Call me old school but all this electric, hybrid and alt fuels business gives me a headache. If you want to go green and sacrifice your driving please (or just plain don’t care) be my guest but the chances are you aren’t reading my blog anyway. Those who wish to go green are welcome and I support any alt-fuel that will leave the high octane fun to people who actually want it. Hell, I pay $15/gallon for race gas so obviously I’m not concerned with the cost. But I’m concerned that the public and the media focus way too much on “going green” and this has falsely pressured automakers into believing that is the way to go.
Sure my car runs on nothing less than 94 octane but those numbers are achieved on corn juice, so does that make me green? Ya, I guess a bit but I also am responsible enough to run a clean tune, a high-flow cat and drive fairly normally (most of the time).

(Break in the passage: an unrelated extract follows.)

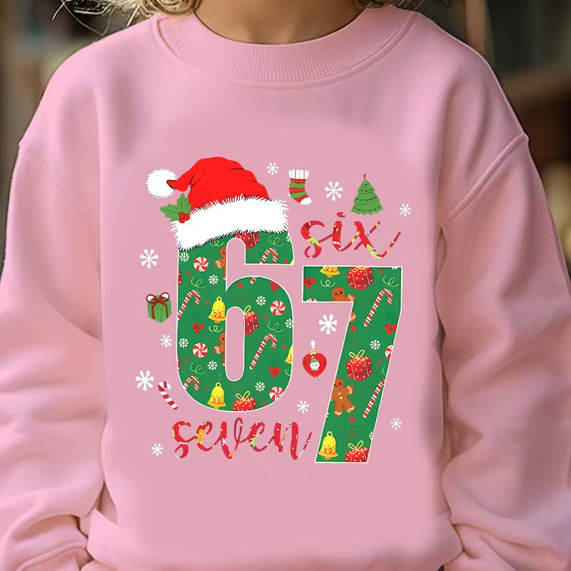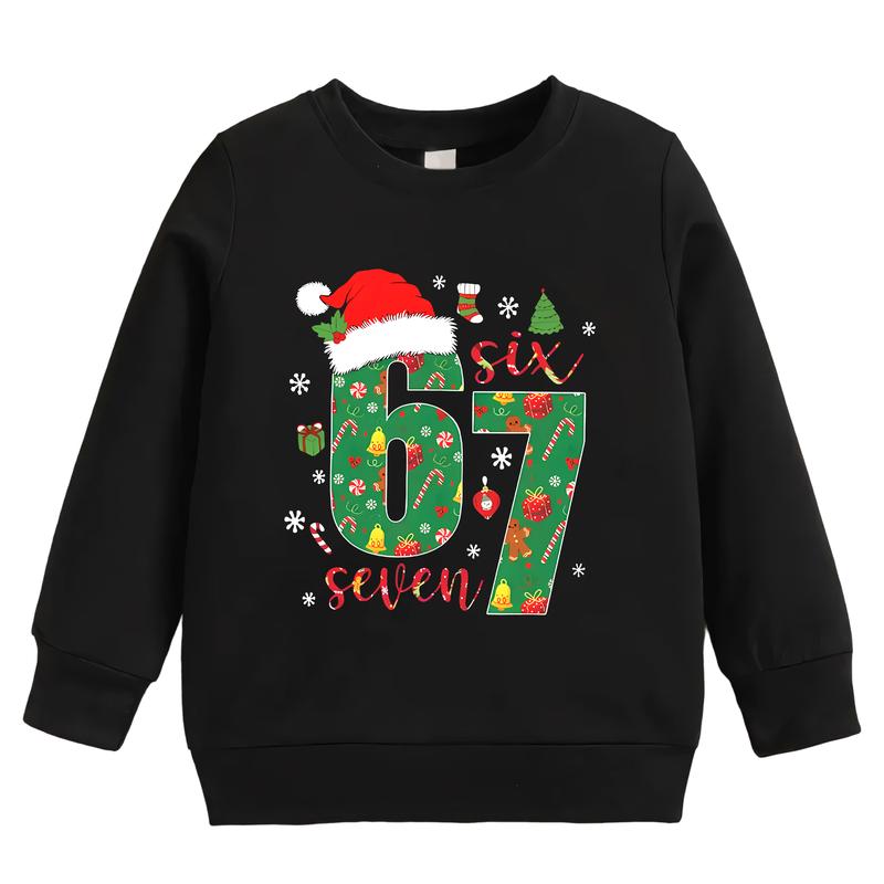 5. Christmas 67 Kids Sweatshirt, Six Seven Christmas Hat Theme Fashion Print, Comfortable Soft Fabric, Holiday Christmas Gift Essential

But it seems that anything fun on four wheels is always under constant threat of being cut or eliminated from the lineup. While individual models being phased out might not seem significant, every time a hot platform dies, part of the game we live for dies with it.
Case in point, Mitsubishi talking about the future of the Evo X. The rumors first claimed that the Evo franchise was dead but they have since back-pedaled. They now claim they are examining its future based on market demands. Well, if the tree-huggers and mass media have their way, that will surely spell the end of the Evo. Yet another chapter in exhilarating Japanese cars either disappearing or completely being castrated like the Eclipse.
The first wave of Japanese supercars almost disappeared for good but it is widely believed their popularity in the virtual world brought them back. Back in the late eighties and early nineties, many explosive new platforms stormed the market, the Z32 300ZX, the FD RX-7, the S13 240SX, the MkIV Supra, the Eclipse/ Talon, the 3000GT (Stealth) and of course the legendary NSX. Sadly, by the end of the decade they were all but gone. Sure the NSX survived but it sold so poorly and received nearly zero revisions, it might as well have disappeared. The fate of first round was certainly a technical knock-out that kept Japan face-down on the mat for several years.
While the first wave might have been fizzled out for lack of brand awareness and resulting sales, the second wave heated up with the introduction of the WRX and the Evo and 350Z with strong response. We’ve enjoyed some great revisions to these cars over the decade and the return of the GT-R, well introduction of sorts. Although it was a slow start, the 2000’s were exciting times for great sports cars, sport sedans and horsepower wars from manufacturers around the world. But what is going on now? Are things being upset again for concerns over middle-eat conflicts, CO2 emissions and soaring gas prices?
Yep, the automotive world is unsettled again and were in for dramatic changes over the next five years. It’s no mystery that Honda’s CR-Z has created a class of Sport Hybrids and that Acura no longer offers sports cars for a reason. Now with the Evo news, it wouldn’t be surprising if it was cut from the lineup or completely reinvented with a green-twist. After all, green cars are becoming fashionable thanks to SoCal, where rockin’ a Prius is socially acceptable and actually gets ladies.
I fully understand the dilemma the planet is in and I’ll participate in the push to go green only to a point. But the same people that are moaning about inefficient cars had better clean up their own backyard. What do I mean by that? Yeah sure you got your Hybrid but tell me about how you have reduced your consumption of junk made overseas, eliminated plastics, have an energy efficient home with geothermal and solar power, oh they better be wearing all natural fibers too. None of that stuff consumes oil and increases your carbon footprint because it doesn’t go vroom, vroom, right?